Work required
Each line from the one holding "Le tableau végétal" through the end of the records should be returned exactly, while pictures are skipped.

Provided data
____________________
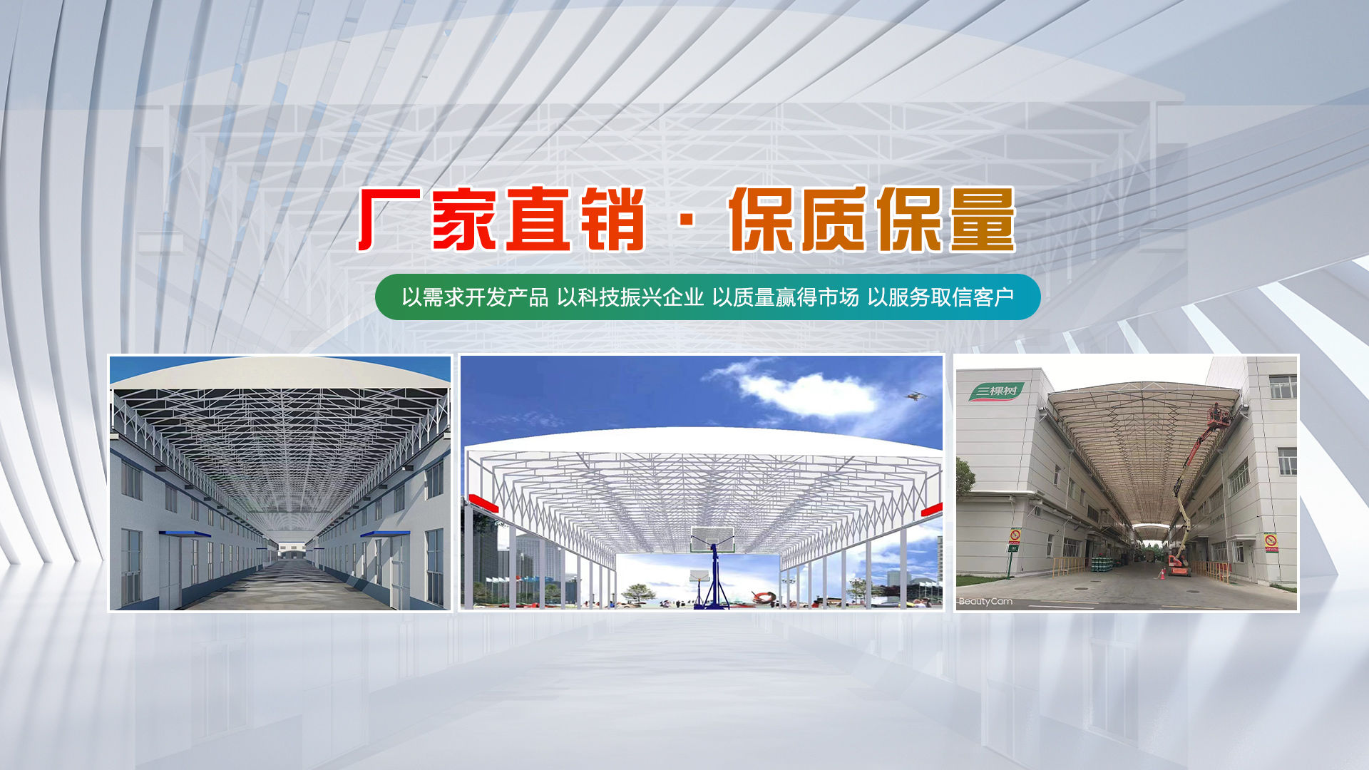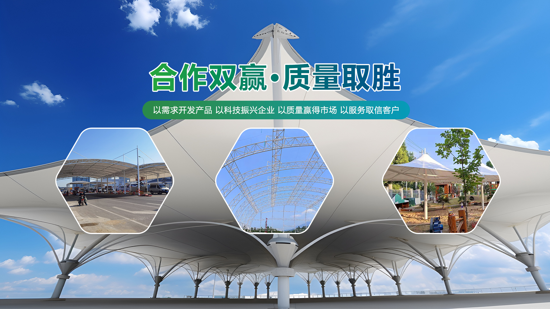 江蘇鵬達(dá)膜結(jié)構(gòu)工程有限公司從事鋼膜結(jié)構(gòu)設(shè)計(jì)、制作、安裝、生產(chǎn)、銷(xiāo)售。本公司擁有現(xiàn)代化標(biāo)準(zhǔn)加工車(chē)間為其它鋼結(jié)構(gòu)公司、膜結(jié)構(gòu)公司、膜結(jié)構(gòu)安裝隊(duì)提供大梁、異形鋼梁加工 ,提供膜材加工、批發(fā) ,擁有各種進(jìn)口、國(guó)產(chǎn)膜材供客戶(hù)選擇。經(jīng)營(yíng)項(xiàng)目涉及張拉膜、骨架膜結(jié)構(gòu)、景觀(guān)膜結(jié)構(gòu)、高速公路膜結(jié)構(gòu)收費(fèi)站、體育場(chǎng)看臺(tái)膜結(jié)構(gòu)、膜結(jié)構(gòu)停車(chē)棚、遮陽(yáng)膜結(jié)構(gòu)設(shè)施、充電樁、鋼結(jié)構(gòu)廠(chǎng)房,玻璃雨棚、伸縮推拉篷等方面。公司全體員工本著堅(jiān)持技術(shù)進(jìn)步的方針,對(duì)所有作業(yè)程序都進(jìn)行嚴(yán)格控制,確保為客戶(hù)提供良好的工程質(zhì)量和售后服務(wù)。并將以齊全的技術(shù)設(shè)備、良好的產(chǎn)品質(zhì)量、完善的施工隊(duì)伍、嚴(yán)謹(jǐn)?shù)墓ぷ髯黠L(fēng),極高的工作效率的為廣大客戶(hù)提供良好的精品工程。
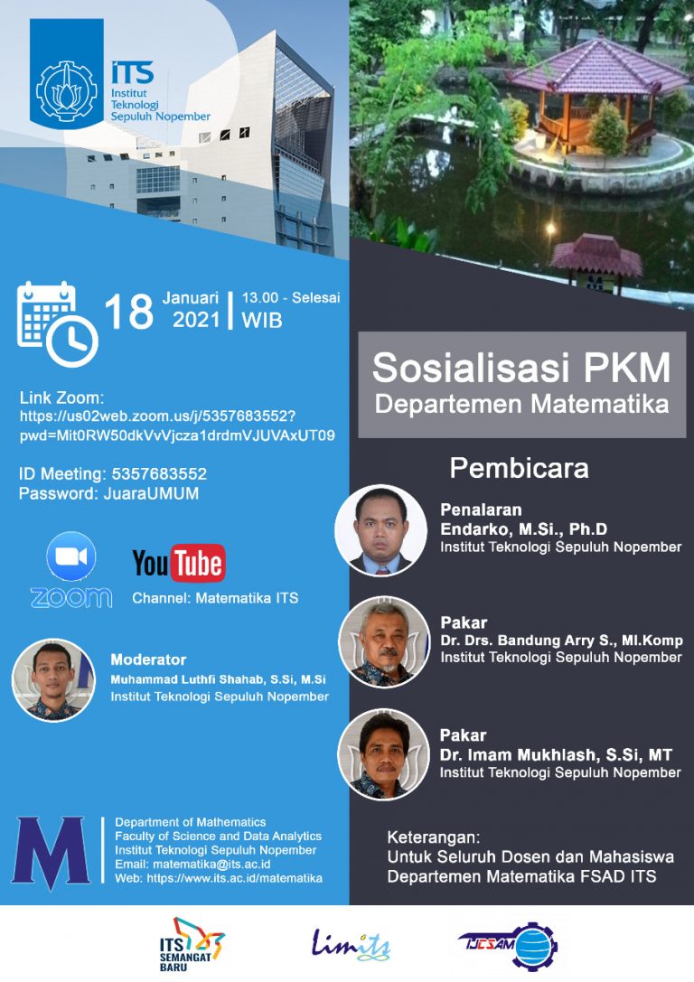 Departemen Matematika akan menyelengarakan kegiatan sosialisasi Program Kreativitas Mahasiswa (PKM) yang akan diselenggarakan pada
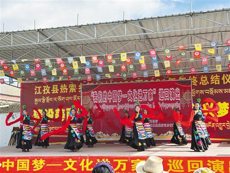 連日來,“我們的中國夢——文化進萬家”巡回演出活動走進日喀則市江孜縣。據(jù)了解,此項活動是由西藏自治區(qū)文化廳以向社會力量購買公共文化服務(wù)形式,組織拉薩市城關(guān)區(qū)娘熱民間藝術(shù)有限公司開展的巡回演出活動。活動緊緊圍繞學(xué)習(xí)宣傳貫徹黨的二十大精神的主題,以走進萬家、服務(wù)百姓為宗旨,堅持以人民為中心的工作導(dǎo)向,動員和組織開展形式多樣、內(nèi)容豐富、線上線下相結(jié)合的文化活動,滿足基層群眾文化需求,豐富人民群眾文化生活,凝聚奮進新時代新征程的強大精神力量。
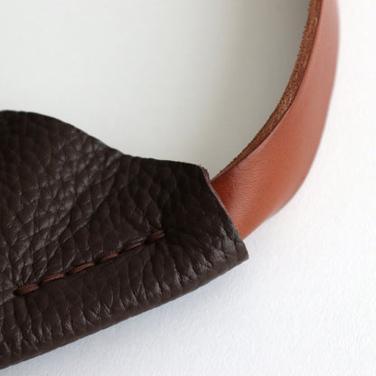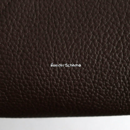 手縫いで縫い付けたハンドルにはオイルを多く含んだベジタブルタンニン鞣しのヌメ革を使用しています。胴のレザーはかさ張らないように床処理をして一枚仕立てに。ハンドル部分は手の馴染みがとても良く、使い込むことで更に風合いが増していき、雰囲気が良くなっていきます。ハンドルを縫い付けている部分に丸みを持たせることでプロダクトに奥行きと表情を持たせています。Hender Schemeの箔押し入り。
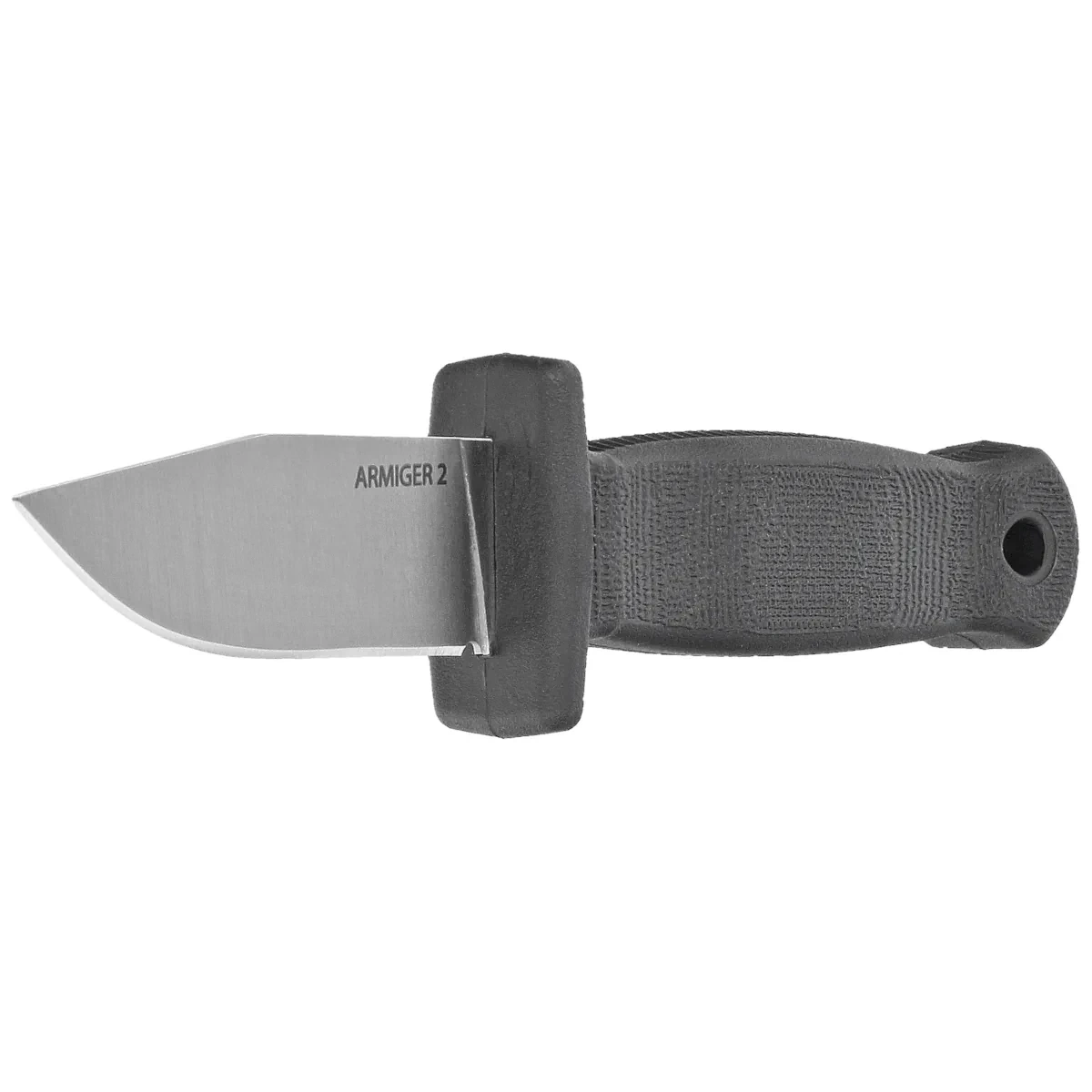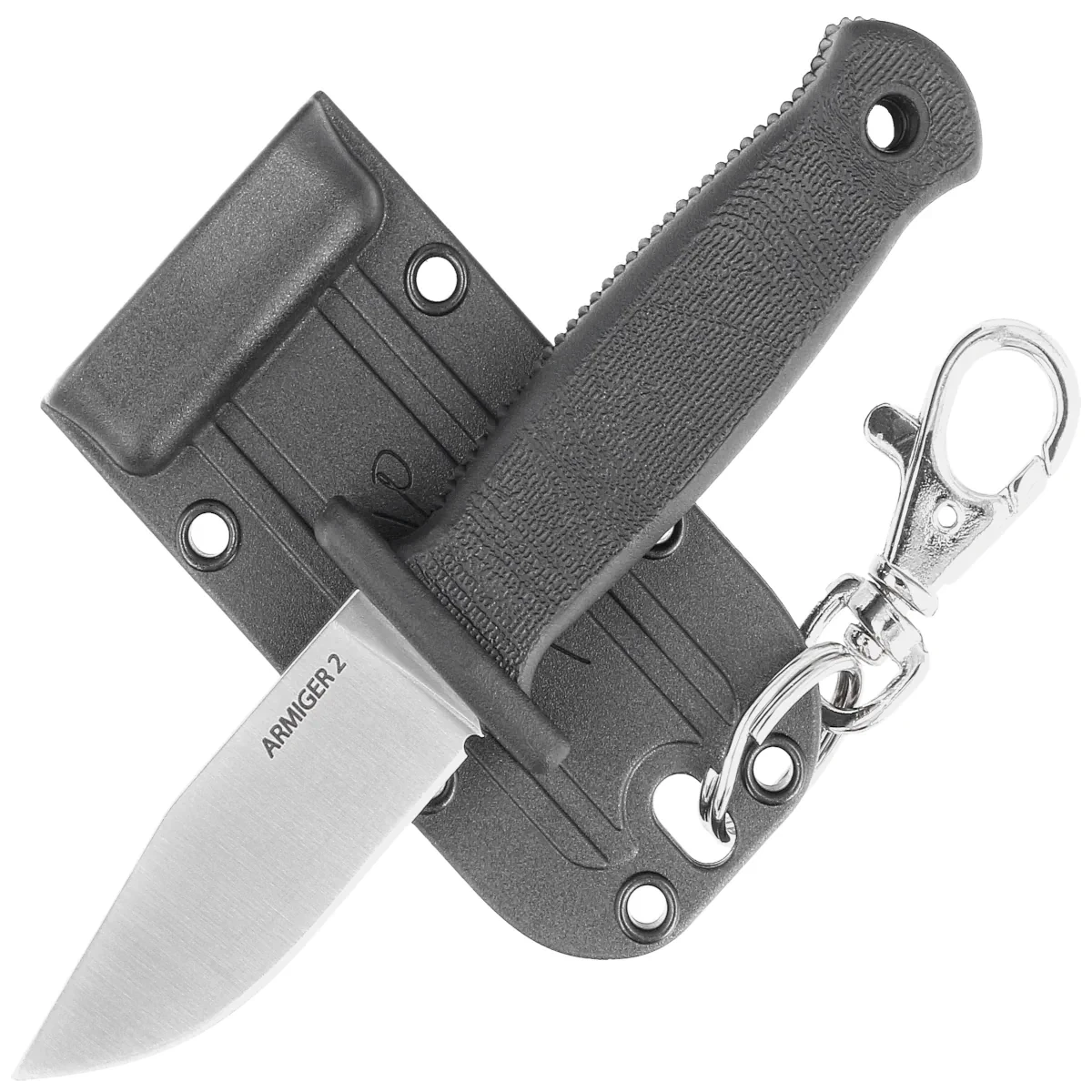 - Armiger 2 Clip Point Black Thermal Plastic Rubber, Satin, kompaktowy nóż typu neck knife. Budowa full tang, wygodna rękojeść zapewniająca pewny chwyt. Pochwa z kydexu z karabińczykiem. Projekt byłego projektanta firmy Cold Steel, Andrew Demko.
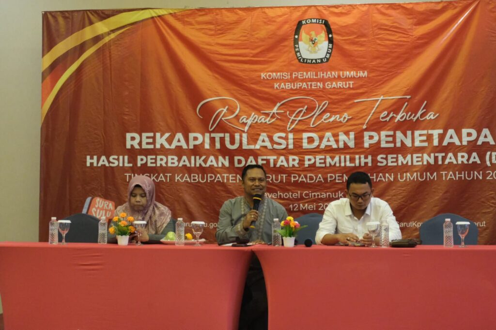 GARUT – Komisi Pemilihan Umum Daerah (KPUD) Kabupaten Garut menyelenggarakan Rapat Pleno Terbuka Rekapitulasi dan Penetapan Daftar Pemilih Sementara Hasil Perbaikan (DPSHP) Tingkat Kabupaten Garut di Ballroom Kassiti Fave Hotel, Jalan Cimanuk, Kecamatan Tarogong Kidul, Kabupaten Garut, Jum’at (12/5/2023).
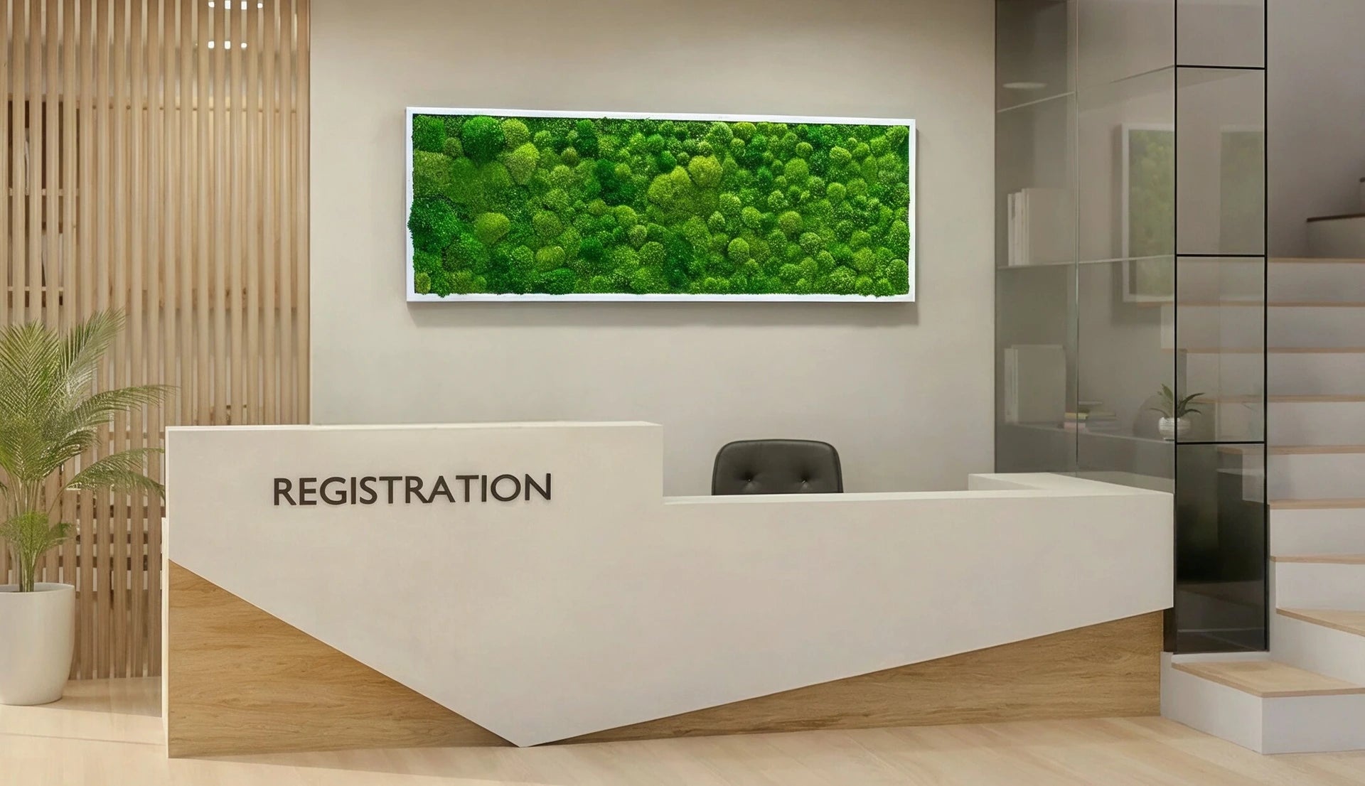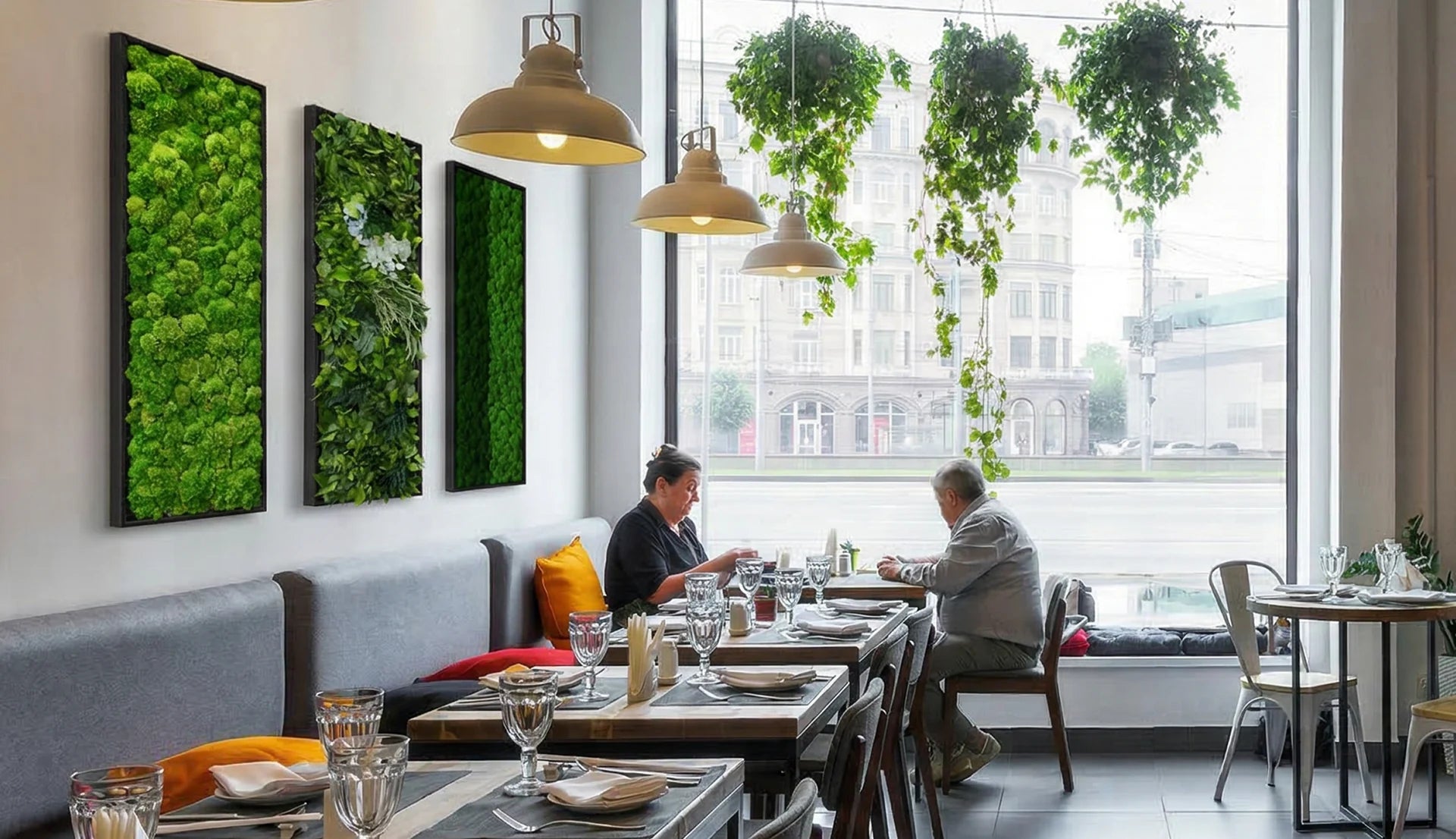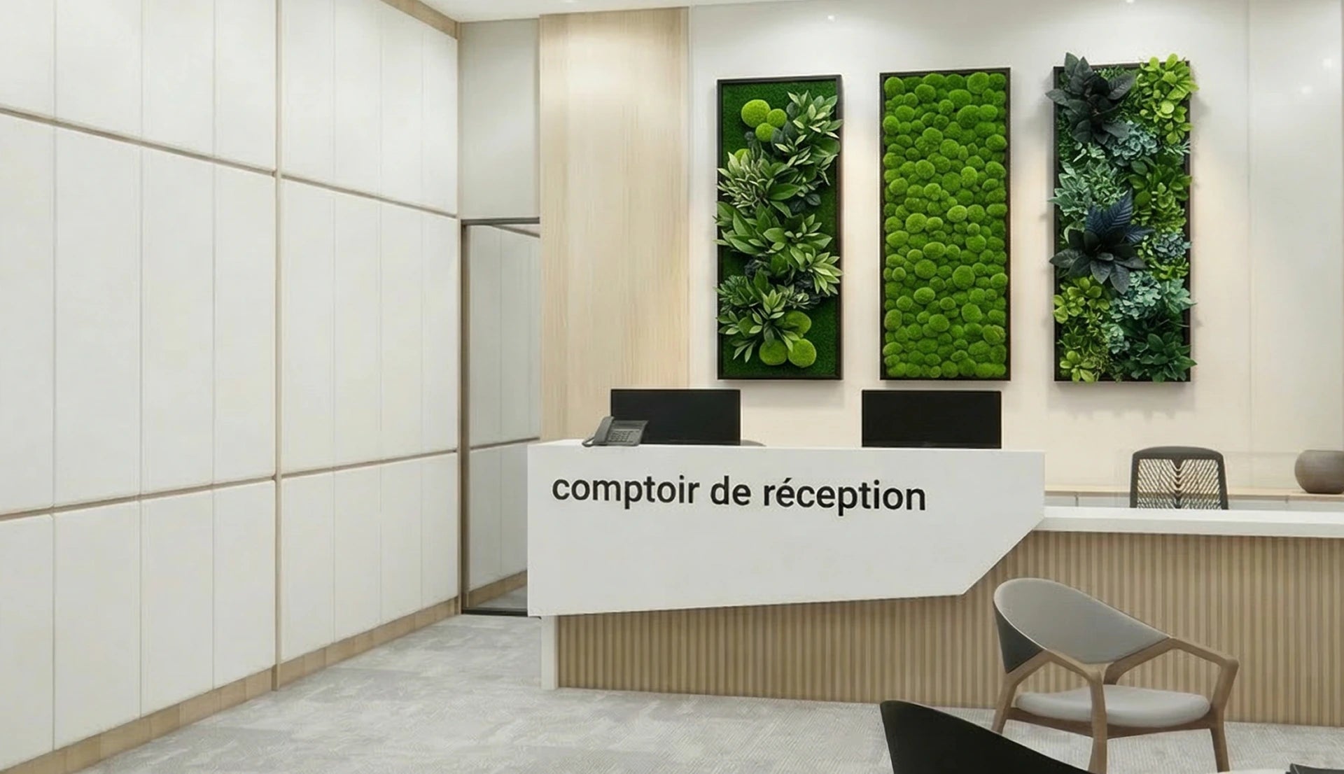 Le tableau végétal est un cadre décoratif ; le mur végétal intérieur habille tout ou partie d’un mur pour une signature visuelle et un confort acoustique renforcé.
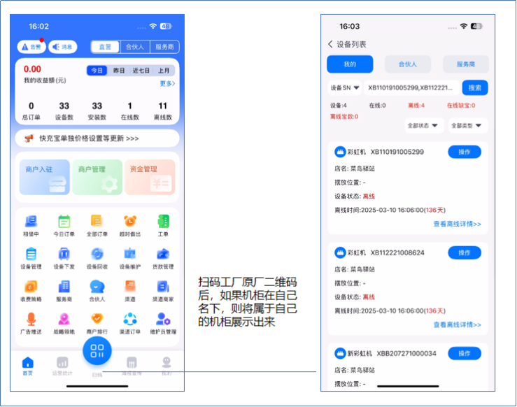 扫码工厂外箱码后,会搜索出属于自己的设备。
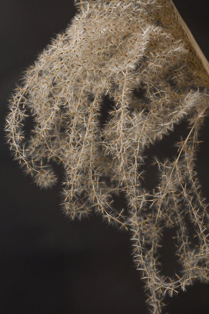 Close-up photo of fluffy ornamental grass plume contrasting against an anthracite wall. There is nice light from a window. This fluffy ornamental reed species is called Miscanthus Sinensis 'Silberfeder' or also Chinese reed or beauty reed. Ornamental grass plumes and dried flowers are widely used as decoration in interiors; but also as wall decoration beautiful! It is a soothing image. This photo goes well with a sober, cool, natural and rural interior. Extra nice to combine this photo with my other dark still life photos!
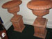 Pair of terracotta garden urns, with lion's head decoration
____________________
Your response
 Le tableau végétal est un cadre décoratif ; le mur végétal intérieur habille tout ou partie d’un mur pour une signature visuelle et un confort acoustique renforcé.
 扫码工厂外箱码后,会搜索出属于自己的设备。
 Close-up photo of fluffy ornamental grass plume contrasting against an anthracite wall. There is nice light from a window. This fluffy ornamental reed species is called Miscanthus Sinensis 'Silberfeder' or also Chinese reed or beauty reed. Ornamental grass plumes and dried flowers are widely used as decoration in interiors; but also as wall decoration beautiful! It is a soothing image. This photo goes well with a sober, cool, natural and rural interior. Extra nice to combine this photo with my other dark still life photos!
 Pair of terracotta garden urns, with lion's head decoration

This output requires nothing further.